Records excerpted from a collection
Segment Open

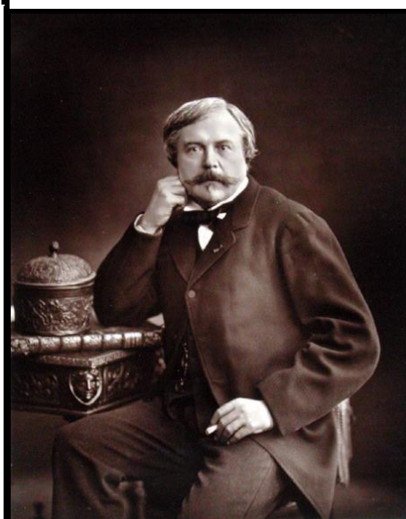
Edmond de Goncourt 1822 -1896
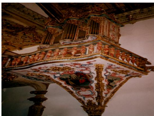
FOTO 2 - ÓRGÃO DA IGREJA MATRIZ DE SANTO ANTÔNIO / SÉC. XVIII. (TIRADENTES – MG) AUTORIA: IVAN RÊGO ARAGÃO, 2000

O turismo promove trocas entre os indivíduos de diferentes origens. E ao propiciar o encontro de pessoas, o turismo se apresenta não só como fenômeno econômico, mas também sociocultural. A atividade é capaz de envolver o fluxo de pessoas em diversas regiões e nichos culturais, e, é através desse contato, que se estabelece também uma aceitação de outros costumes. O turismo promove o intercâmbio entre diferentes culturas (com o contato entre o turista e os residentes locais) (DIAS, 2005), resultando disso mais compreensão e respeito mútuos, tolerância em relação a valores, hábitos e costumes diferentes, aceitação da pluralidade cultural como um aspecto importante da humanidade.
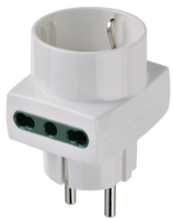
00325.B - Adaptateur mult. S31+2P17/11+P30 blanc
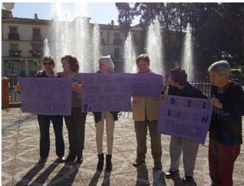
Día de la mujer

Parte del equipo de AFA Aljarafe se trasladó a AFA VITAE en San Fernando (Cádiz) para formarse en las terapias de estimulación cognitiva.
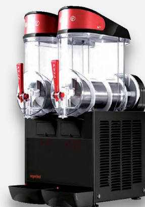
Mod. MT 2B NEGRA

Segment Closed

**Required work:** Please retype all the entries word for word, omitting the pictures.

**Reply:**
Edmond de Goncourt 1822 -1896
FOTO 2 - ÓRGÃO DA IGREJA MATRIZ DE SANTO ANTÔNIO / SÉC. XVIII. (TIRADENTES – MG) AUTORIA: IVAN RÊGO ARAGÃO, 2000

O turismo promove trocas entre os indivíduos de diferentes origens. E ao propiciar o encontro de pessoas, o turismo se apresenta não só como fenômeno econômico, mas também sociocultural. A atividade é capaz de envolver o fluxo de pessoas em diversas regiões e nichos culturais, e, é através desse contato, que se estabelece também uma aceitação de outros costumes. O turismo promove o intercâmbio entre diferentes culturas (com o contato entre o turista e os residentes locais) (DIAS, 2005), resultando disso mais compreensão e respeito mútuos, tolerância em relação a valores, hábitos e costumes diferentes, aceitação da pluralidade cultural como um aspecto importante da humanidade.
00325.B - Adaptateur mult. S31+2P17/11+P30 blanc
Día de la mujer

Parte del equipo de AFA Aljarafe se trasladó a AFA VITAE en San Fernando (Cádiz) para formarse en las terapias de estimulación cognitiva.
Mod. MT 2B NEGRA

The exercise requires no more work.